I found a good expository paper by Keith Conrad, which explains by examples the technique of derivative under the integral sign. Here's the link:
http://www.math.uconn.edu/~kconrad/blurbs/analysis/diffunderint.pdf
In these examples, the integrand is a function of both $x$ (the variable on which the differentiation is intended) and the parameter $t$. However, in most of the examples given in the paper, the limits of integration are constants.
Then, there're these following links from mathmistakes.info, which have examples where the limit of the integral is a function of $x$ but the integrand itself is independent of $x$ (i.e. the integrand is solely a function of $t$).

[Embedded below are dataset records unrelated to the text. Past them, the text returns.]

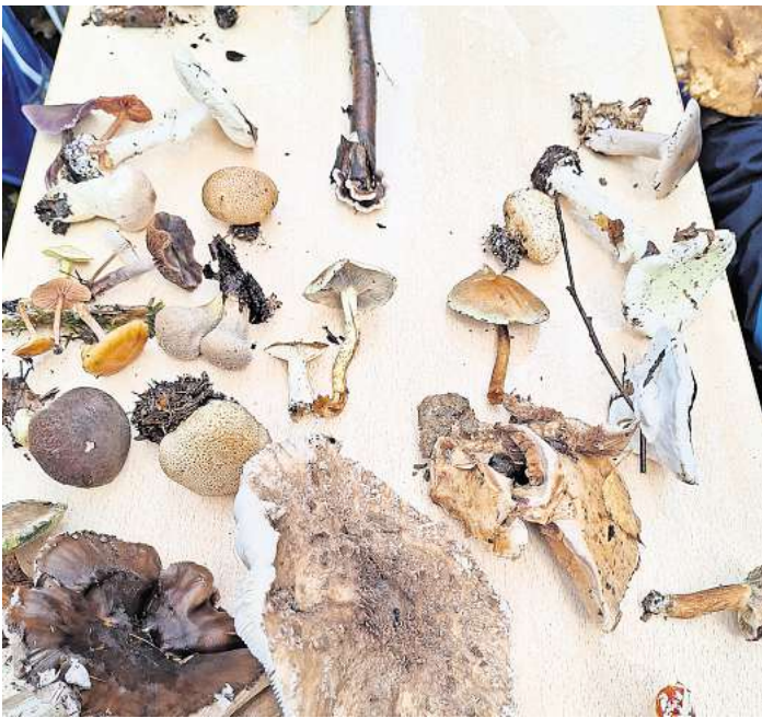
Fast jeder Pilz hat einen Verwechslungspartner. Deshalb wird beim Pilze sammeln zu Vorsicht geraten.

Anlässlich einiger aktueller Vergiftungen wurde darum gebeten, insbesondere den Grünen oder Gelben Knollenblätterpilz mitzubringen, damit diese dann eindeutig identifiziert werden konnten. „Anfassen von Giftpilzen macht nichts; sie sollten nur nicht mit essbaren Pilzen in Be-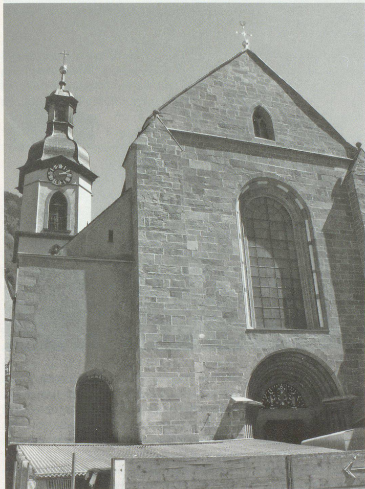
Die Kathedrale in Chur – ein Kulturgut von nationaler Bedeutung.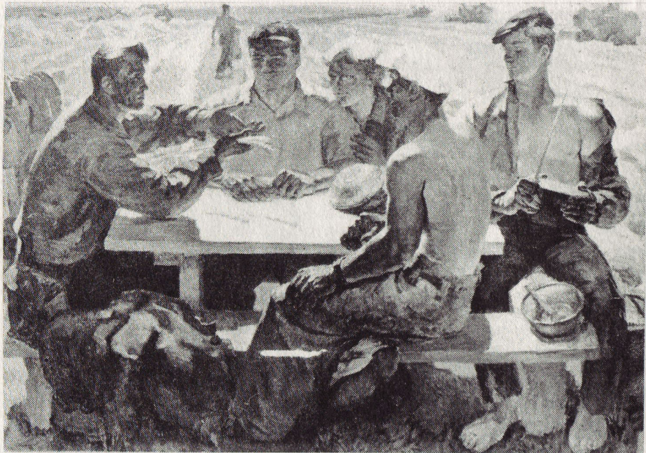
Ю. Ятченко. «Хлеборобы». Х., м.

http://www.mathmistakes.info/facts/CalculusFacts/learn/doi/doi.html
http://www.mathmistakes.info/facts/CalculusFacts/learn/doi/doif.html
I was looking for techniques for differentiating integrals of the following kind $$\int_0^{g(x)} h(x,t) dt$$ where both the limit and the integrand are functions of $x$. I would prefer to have some examples of course, but any insight is appreciated.
There is a full derivation here of a more general version:
$$ f(x) = \int_{s(x)}^{g(x)} h(x, t) dt $$
$$ \frac{df}{dx} = \int_{s(x)}^{g(x)} \partial_x h(x, t) dt + h(x, g(x)) \frac{dg}{dx} - h(x, s(x)) \frac{ds}{dx} $$
For sure, this is not a complete answer (since I must confess I do not remember how it is established), but, as far as I know, I think that it is$$\frac{d}{dx}\int_0^{g(x)} h(x,t)\, dt= h\big(x,g(x)\big)\,\frac{dg(x)}{dx}+\int_0^{g(x)} \frac{dh(x,t)}{dx}\, dt$$ The first term is just the application of the fundamental theorem of calculus.
It is easy to control that, at least, this holds using $h(x,t)=a(x)+b(t)$, $h(x,t)=a(x)\,b(t)$, $h(x,t)=\frac{a(x)}{b(t)}$ and for almost any composition where we can separate the variables.
I played with some more complex functions in which the variables cannot be separated and it works.
I hope and wish you will receive better answers.